# TASK TO COMPLETE:
Your task is to repeat the entries exactly from their first line through the line with "編み かご 角型 7号", and to stop there.

>>>

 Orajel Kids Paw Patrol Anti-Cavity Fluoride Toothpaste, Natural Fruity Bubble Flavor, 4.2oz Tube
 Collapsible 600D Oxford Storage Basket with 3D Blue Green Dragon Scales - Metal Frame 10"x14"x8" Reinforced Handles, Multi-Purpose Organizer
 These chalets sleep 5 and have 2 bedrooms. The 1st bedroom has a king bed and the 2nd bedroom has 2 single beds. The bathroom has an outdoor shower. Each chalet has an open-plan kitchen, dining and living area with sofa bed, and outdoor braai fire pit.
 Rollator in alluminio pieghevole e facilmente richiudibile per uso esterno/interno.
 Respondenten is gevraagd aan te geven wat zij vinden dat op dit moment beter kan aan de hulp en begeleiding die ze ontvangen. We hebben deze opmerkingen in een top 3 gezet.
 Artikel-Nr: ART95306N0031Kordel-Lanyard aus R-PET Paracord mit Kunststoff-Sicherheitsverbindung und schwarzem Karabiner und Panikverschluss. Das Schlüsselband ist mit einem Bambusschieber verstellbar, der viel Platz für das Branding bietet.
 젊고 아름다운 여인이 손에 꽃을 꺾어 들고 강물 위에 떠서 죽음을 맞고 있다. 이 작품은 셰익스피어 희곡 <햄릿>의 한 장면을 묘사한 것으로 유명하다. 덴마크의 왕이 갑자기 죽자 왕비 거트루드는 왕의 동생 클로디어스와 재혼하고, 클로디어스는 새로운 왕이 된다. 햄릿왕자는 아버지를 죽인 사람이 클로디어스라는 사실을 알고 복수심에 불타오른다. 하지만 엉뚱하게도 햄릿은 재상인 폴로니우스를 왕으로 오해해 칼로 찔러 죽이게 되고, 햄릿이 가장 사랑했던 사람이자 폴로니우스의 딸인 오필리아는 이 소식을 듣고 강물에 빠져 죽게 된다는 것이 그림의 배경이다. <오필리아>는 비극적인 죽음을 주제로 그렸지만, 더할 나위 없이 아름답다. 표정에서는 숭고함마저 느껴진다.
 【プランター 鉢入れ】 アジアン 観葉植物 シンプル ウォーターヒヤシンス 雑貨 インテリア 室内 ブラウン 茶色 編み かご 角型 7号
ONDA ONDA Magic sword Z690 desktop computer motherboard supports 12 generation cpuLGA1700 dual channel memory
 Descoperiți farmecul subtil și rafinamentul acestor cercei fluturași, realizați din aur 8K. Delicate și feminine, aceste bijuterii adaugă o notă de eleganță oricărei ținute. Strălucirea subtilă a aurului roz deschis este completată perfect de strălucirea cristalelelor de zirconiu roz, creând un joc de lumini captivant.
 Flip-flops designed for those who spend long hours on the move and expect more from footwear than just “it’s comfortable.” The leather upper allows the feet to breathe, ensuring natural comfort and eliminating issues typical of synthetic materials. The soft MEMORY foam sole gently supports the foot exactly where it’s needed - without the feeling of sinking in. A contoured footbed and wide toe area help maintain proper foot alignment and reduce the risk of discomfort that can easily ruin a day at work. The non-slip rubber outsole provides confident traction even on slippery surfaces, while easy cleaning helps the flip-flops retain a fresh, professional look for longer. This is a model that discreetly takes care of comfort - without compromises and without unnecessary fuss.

<<<

# SOLUTION TO THIS TASK:
 Orajel Kids Paw Patrol Anti-Cavity Fluoride Toothpaste, Natural Fruity Bubble Flavor, 4.2oz Tube
 Collapsible 600D Oxford Storage Basket with 3D Blue Green Dragon Scales - Metal Frame 10"x14"x8" Reinforced Handles, Multi-Purpose Organizer
 These chalets sleep 5 and have 2 bedrooms. The 1st bedroom has a king bed and the 2nd bedroom has 2 single beds. The bathroom has an outdoor shower. Each chalet has an open-plan kitchen, dining and living area with sofa bed, and outdoor braai fire pit.
 Rollator in alluminio pieghevole e facilmente richiudibile per uso esterno/interno.
 Respondenten is gevraagd aan te geven wat zij vinden dat op dit moment beter kan aan de hulp en begeleiding die ze ontvangen. We hebben deze opmerkingen in een top 3 gezet.
 Artikel-Nr: ART95306N0031Kordel-Lanyard aus R-PET Paracord mit Kunststoff-Sicherheitsverbindung und schwarzem Karabiner und Panikverschluss. Das Schlüsselband ist mit einem Bambusschieber verstellbar, der viel Platz für das Branding bietet.
 젊고 아름다운 여인이 손에 꽃을 꺾어 들고 강물 위에 떠서 죽음을 맞고 있다. 이 작품은 셰익스피어 희곡 <햄릿>의 한 장면을 묘사한 것으로 유명하다. 덴마크의 왕이 갑자기 죽자 왕비 거트루드는 왕의 동생 클로디어스와 재혼하고, 클로디어스는 새로운 왕이 된다. 햄릿왕자는 아버지를 죽인 사람이 클로디어스라는 사실을 알고 복수심에 불타오른다. 하지만 엉뚱하게도 햄릿은 재상인 폴로니우스를 왕으로 오해해 칼로 찔러 죽이게 되고, 햄릿이 가장 사랑했던 사람이자 폴로니우스의 딸인 오필리아는 이 소식을 듣고 강물에 빠져 죽게 된다는 것이 그림의 배경이다. <오필리아>는 비극적인 죽음을 주제로 그렸지만, 더할 나위 없이 아름답다. 표정에서는 숭고함마저 느껴진다.
 【プランター 鉢入れ】 アジアン 観葉植物 シンプル ウォーターヒヤシンス 雑貨 インテリア 室内 ブラウン 茶色 編み かご 角型 7号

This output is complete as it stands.